Centralizar A Visão De Produto

A centralização pode ajudar, mas sem disciplina, produto e estratégia não transforma o futebol português.

2 abr 2026 • há 1 hora
Centralizar A Visão De Produto

O futebol português prepara-se para um dos momentos mais importantes da sua história recente. Mas convém dizê-lo sem rodeios: centralizar os direitos audiovisuais não é o mesmo que transformar o sistema.

No último artigo, falámos sobre a importância do “novo dinheiro” servir apenas para aliviar pressão imediata e prolongar a dependência do curto prazo, ou seja, manter um sistema ligado ao oxigénio, mas com as mesmas fragilidades.

E por isso, adicionámos que a próxima revolução não pode ser apenas comercial e centrada no Adepto, tem de ser Financeira.

(Antes de mais, desejar a todos os leitores e subscritores os Votos de Boa Páscoa.)

Durante anos, o debate sobre os direitos televisivos em Portugal foi dominado por uma promessa quase automática: quando a centralização chegar, o futebol português dará finalmente o salto.

A ideia é sedutora.

Mas é incompleta e redutora.

Porque a centralização pode resolver uma parte do problema — o da fragmentação comercial e da desigualdade excessiva na distribuição do valor audiovisual — sem resolver o essencial: a estrutura económica, a qualidade do produto, a disciplina do sistema e a forma como esse novo dinheiro será absorvido.

É por isso que este tema exige mais lucidez do que entusiasmo. A centralização é necessária.

Mas, por si só, não basta. As regras são essenciais.

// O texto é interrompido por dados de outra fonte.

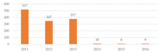 The volume of wastes generated in Poland, in the years 2011–2016, in the form of sugar beet pulp, is presented in Figure 2.
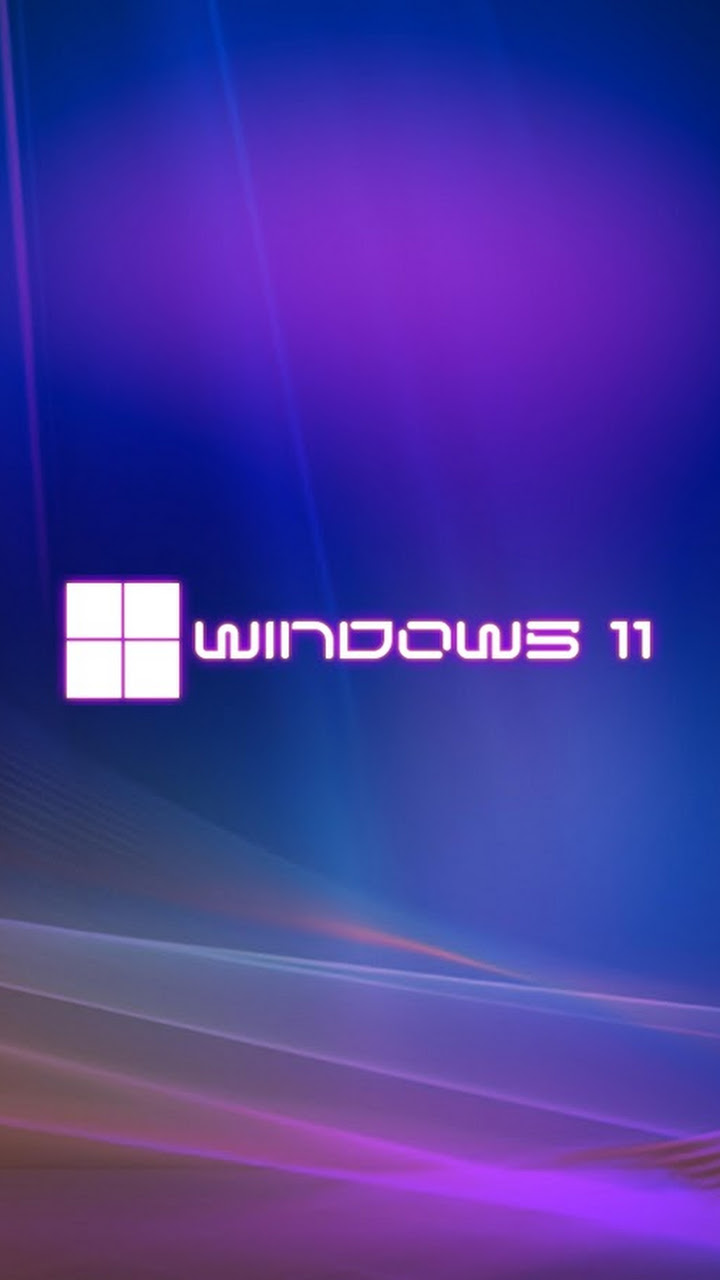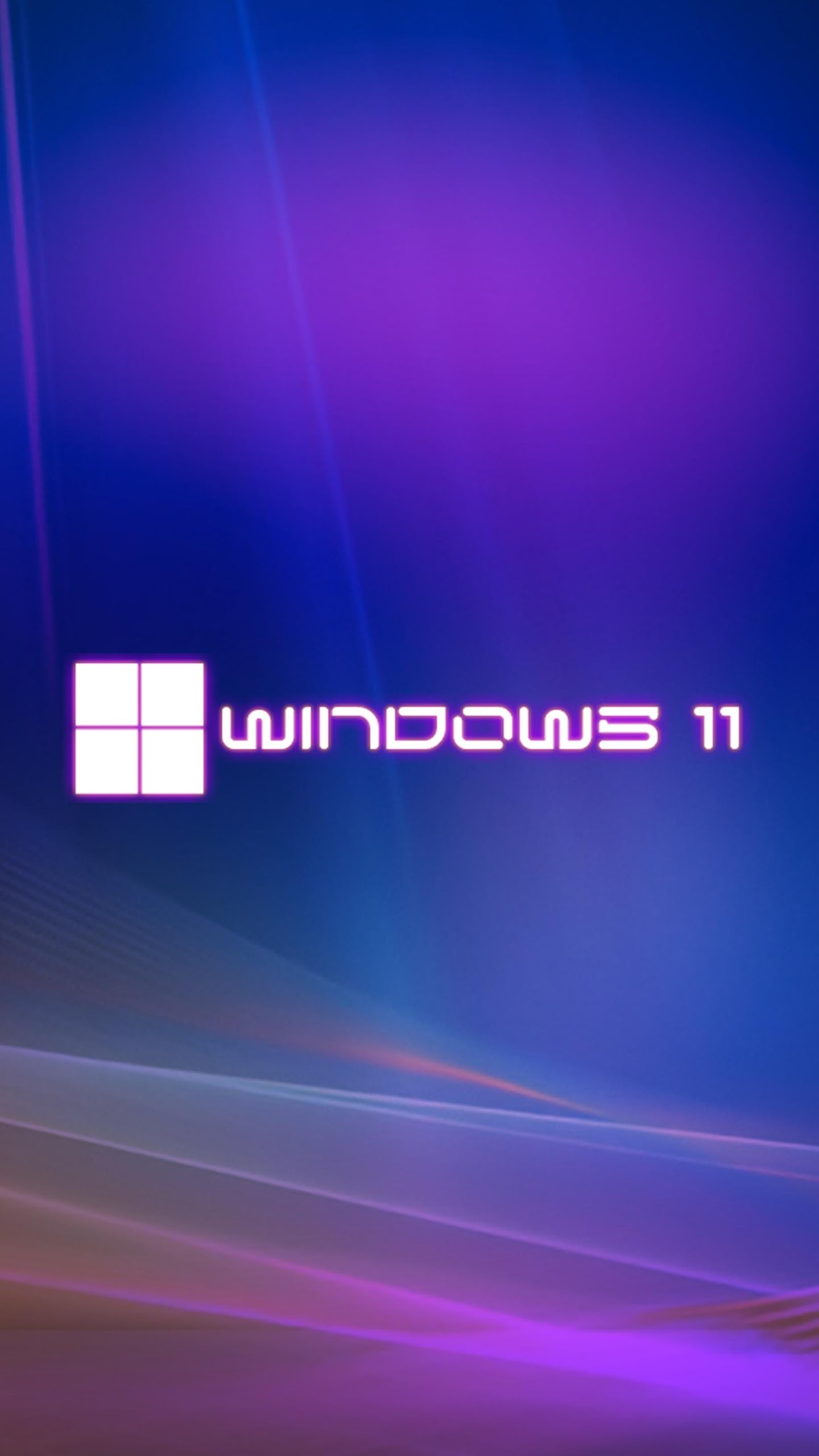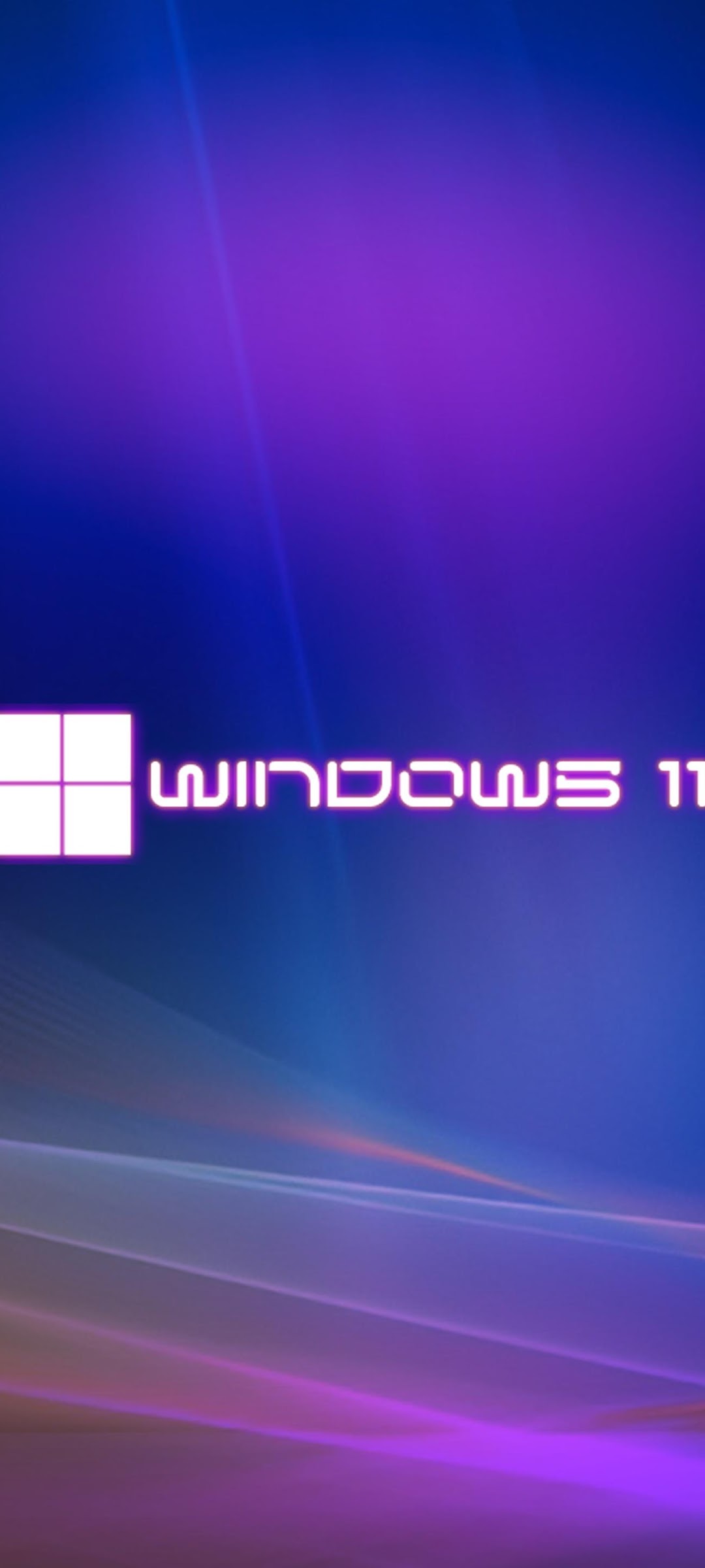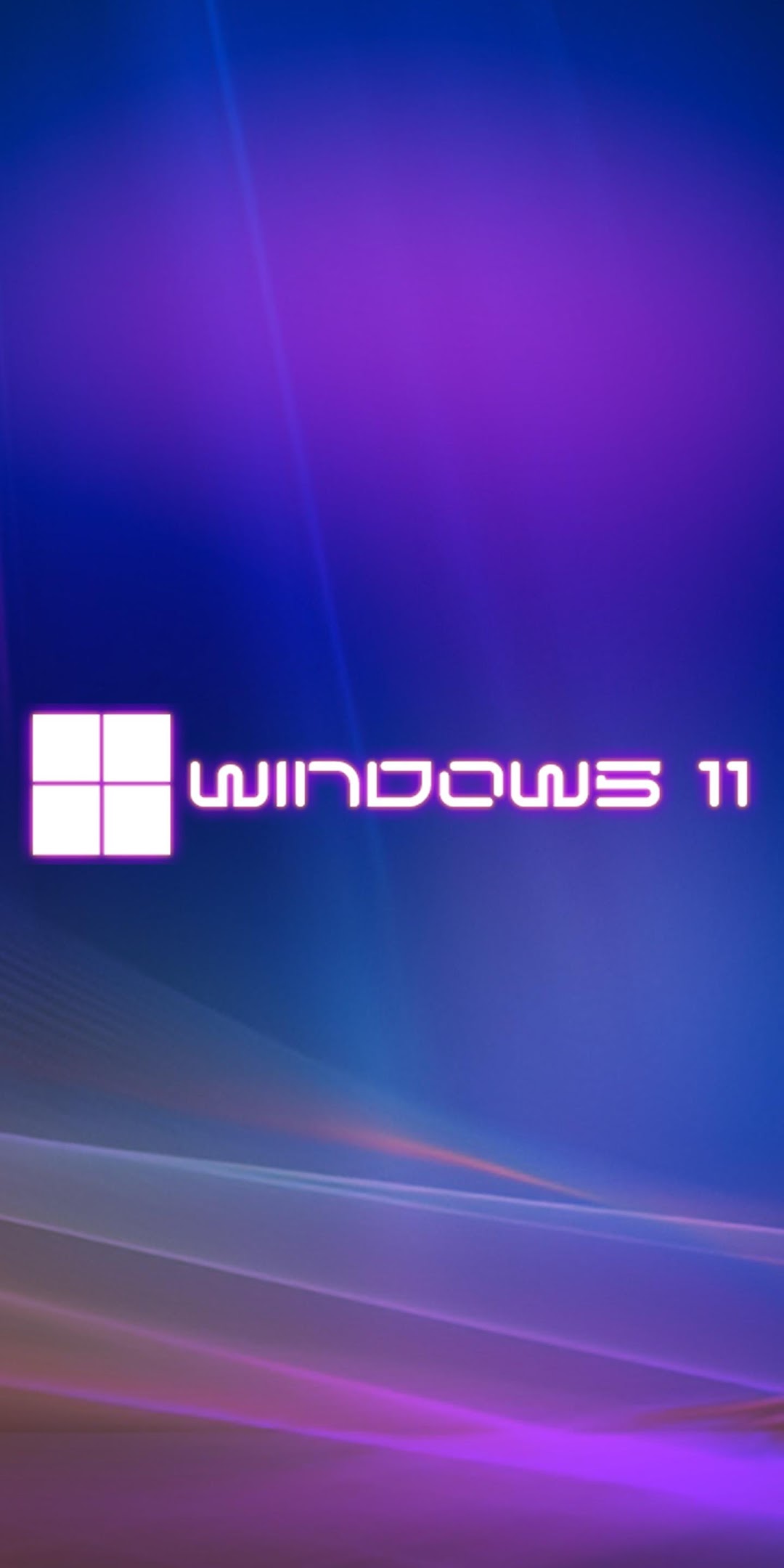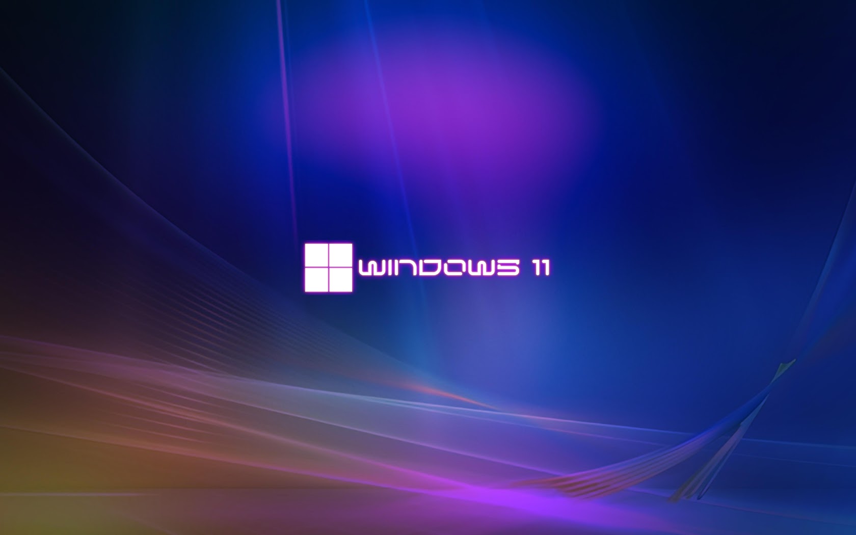 The Windows 11 logo sits in the center of a deep blue background with flowing purple neon light streaks and abstract waves.
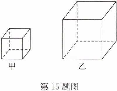15. 如图所示, 甲、乙两质地均匀的正方体放在水平地面上, 它们的棱长之比 $ L_{甲}:L_{乙}=1:2 $, 质量之比 $ m_{甲}:m_{乙}=2:3 $, 甲、乙的密度分别为 $ \rho_{甲} $、$ \rho_{乙} $, 甲、乙对地面的压强分别为 $ p_{甲} $、$ p_{乙} $, 下列计算正确的是 (
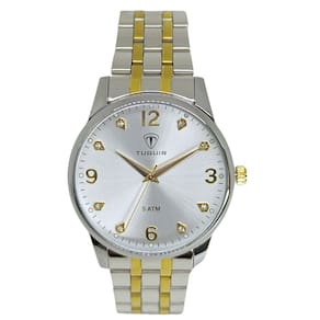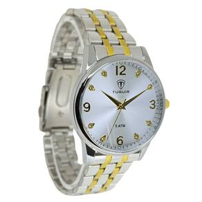 Relógio Feminino Tuguir Analógico 2130 Prata e DouradoMarca: Tuguir Categoria: Analógico Analógico: Sim (1 Horário) Ponteiros Fluorescentes: Selecione Digital: Não Luz: SelecioneResistente à Água: 5 ATM (Pode ser utilizado para nadar no raso, por pouco tempo submerso) - Respingos: Sim - Chuva: Sim - Lavar Carro: Sim - Lavar Louça: Sim - Natação: Sim - Mergulho: Não Característica do Vidro: Cristal Mineral Tipo de Fecho: Dobrável com Botão Cor da Caixa: Prata Material da Caixa: Metal Banho IP Formato da Caixa: Redondo Diâmetro da Caixa: 39,00 (mm) Espessura da Caixa: 11,00 (mm) Cor da Pulseira: Prata Material da Pulseira: Aço Largura da Pulseira: 17,50 (mm) Comprimento Máximo da Pulseira: 270,00 (mm) Alimentação: Bateria Interna Peso Líquido: 0,080 Kg Modelo: 2130 Cor Predominante: Prata Cor Diferencial: Dourado Garantia: 12 MesesConteúdo da Embalagem: 01 Relógio 01 Embalagem 01 Termo de Garantia
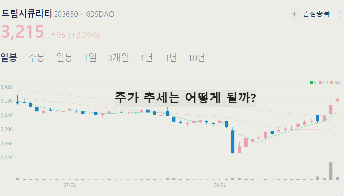 개인적으로 큰 상승이 기대되는 드림시큐리티 주가는 2024년 8월 28일 기준 3215원입니다.

O Mercado Europeu Mostra Que O Valor Dos Direitos Não Nascem Apenas Da Negociação

Não sendo especialista, basta olhar para os principais campeonatos para perceber que o valor audiovisual não é apenas função de escala. É função de produto, distribuição, previsibilidade, governance e capacidade de transformar atenção em ativo.

A Premier League concluiu o seu novo ciclo doméstico de 2025/26 a 2028/29 por £6,7 mil milhões em quatro anos, o maior contrato de direitos desportivos da história do Reino Unido, com um aumento de 4% face ao ciclo anterior. Mas o mais relevante está no modelo:

  • mais jogos em direto
  • forte estabilidade comercial
  • distribuição interna que combina base igualitária, mérito competitivo e exposição mediática

A LaLiga, por sua vez, assegurou para o ciclo 2027/28–2031/32 mais de €6,135 mil milhões em direitos domésticos, um crescimento de 9% sobre o ciclo anterior. Esse valor resulta de uma estrutura centralizada já madura, estabilizada e apoiada numa lógica mais ampla de controlo económico, internacionalização e produto.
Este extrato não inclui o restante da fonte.